• DATASET EXTRACT
* * * * *

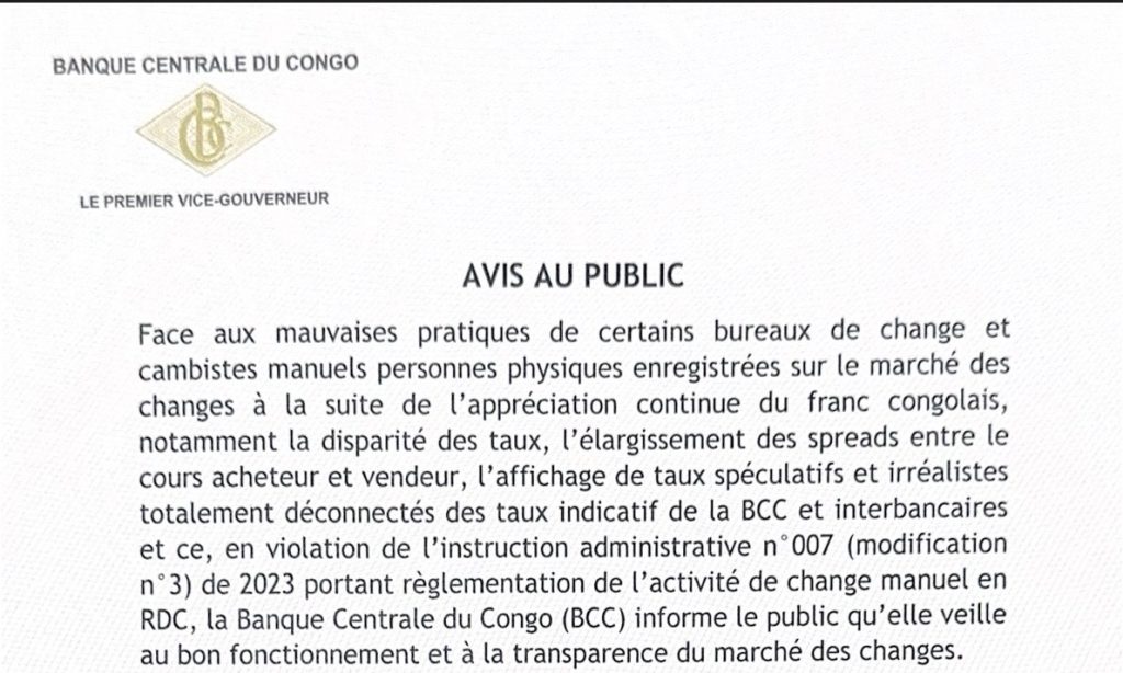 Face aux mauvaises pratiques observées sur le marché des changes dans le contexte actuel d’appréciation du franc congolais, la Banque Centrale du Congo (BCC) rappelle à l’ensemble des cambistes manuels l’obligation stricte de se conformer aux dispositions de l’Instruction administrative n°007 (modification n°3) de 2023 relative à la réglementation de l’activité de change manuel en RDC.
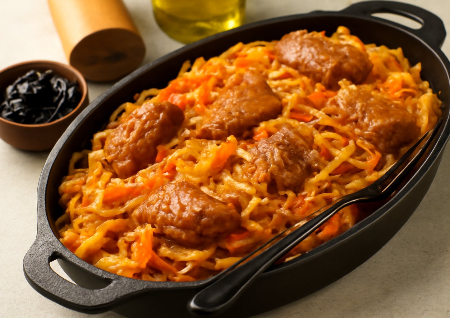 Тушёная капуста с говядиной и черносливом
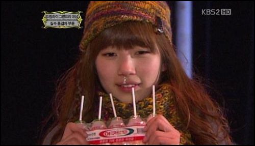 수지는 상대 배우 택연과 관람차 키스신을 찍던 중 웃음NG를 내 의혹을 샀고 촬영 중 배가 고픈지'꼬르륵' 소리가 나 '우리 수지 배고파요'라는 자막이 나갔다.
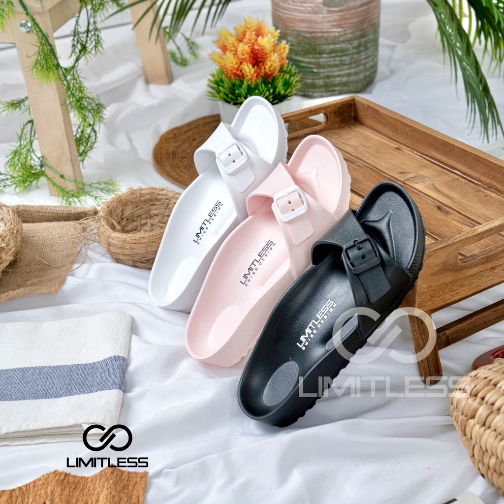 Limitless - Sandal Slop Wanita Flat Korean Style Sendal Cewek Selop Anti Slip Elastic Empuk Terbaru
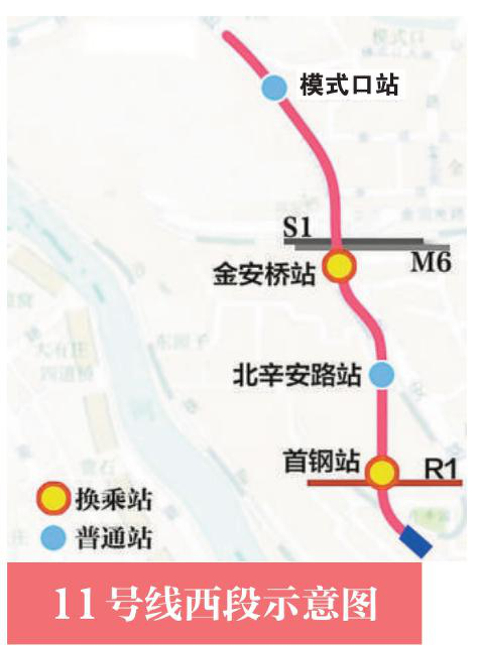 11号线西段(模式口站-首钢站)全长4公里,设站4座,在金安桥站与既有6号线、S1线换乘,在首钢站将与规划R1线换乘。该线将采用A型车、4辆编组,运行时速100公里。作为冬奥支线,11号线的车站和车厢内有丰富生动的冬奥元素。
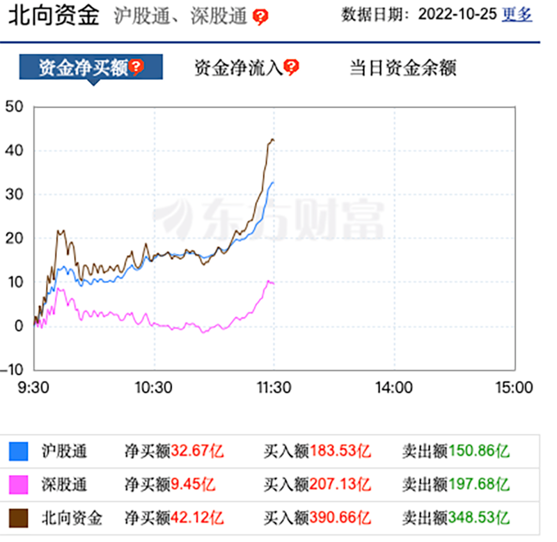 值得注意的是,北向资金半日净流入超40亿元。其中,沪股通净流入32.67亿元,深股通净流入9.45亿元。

* * * * *

• EXERCISE DIRECTIONS
In copying the material, drop all pictures and keep everything else identical.

• SOLUTION
 Face aux mauvaises pratiques observées sur le marché des changes dans le contexte actuel d’appréciation du franc congolais, la Banque Centrale du Congo (BCC) rappelle à l’ensemble des cambistes manuels l’obligation stricte de se conformer aux dispositions de l’Instruction administrative n°007 (modification n°3) de 2023 relative à la réglementation de l’activité de change manuel en RDC.
 Тушёная капуста с говядиной и черносливом
 수지는 상대 배우 택연과 관람차 키스신을 찍던 중 웃음NG를 내 의혹을 샀고 촬영 중 배가 고픈지'꼬르륵' 소리가 나 '우리 수지 배고파요'라는 자막이 나갔다.
 Limitless - Sandal Slop Wanita Flat Korean Style Sendal Cewek Selop Anti Slip Elastic Empuk Terbaru
 11号线西段(模式口站-首钢站)全长4公里,设站4座,在金安桥站与既有6号线、S1线换乘,在首钢站将与规划R1线换乘。该线将采用A型车、4辆编组,运行时速100公里。作为冬奥支线,11号线的车站和车厢内有丰富生动的冬奥元素。
 值得注意的是,北向资金半日净流入超40亿元。其中,沪股通净流入32.67亿元,深股通净流入9.45亿元。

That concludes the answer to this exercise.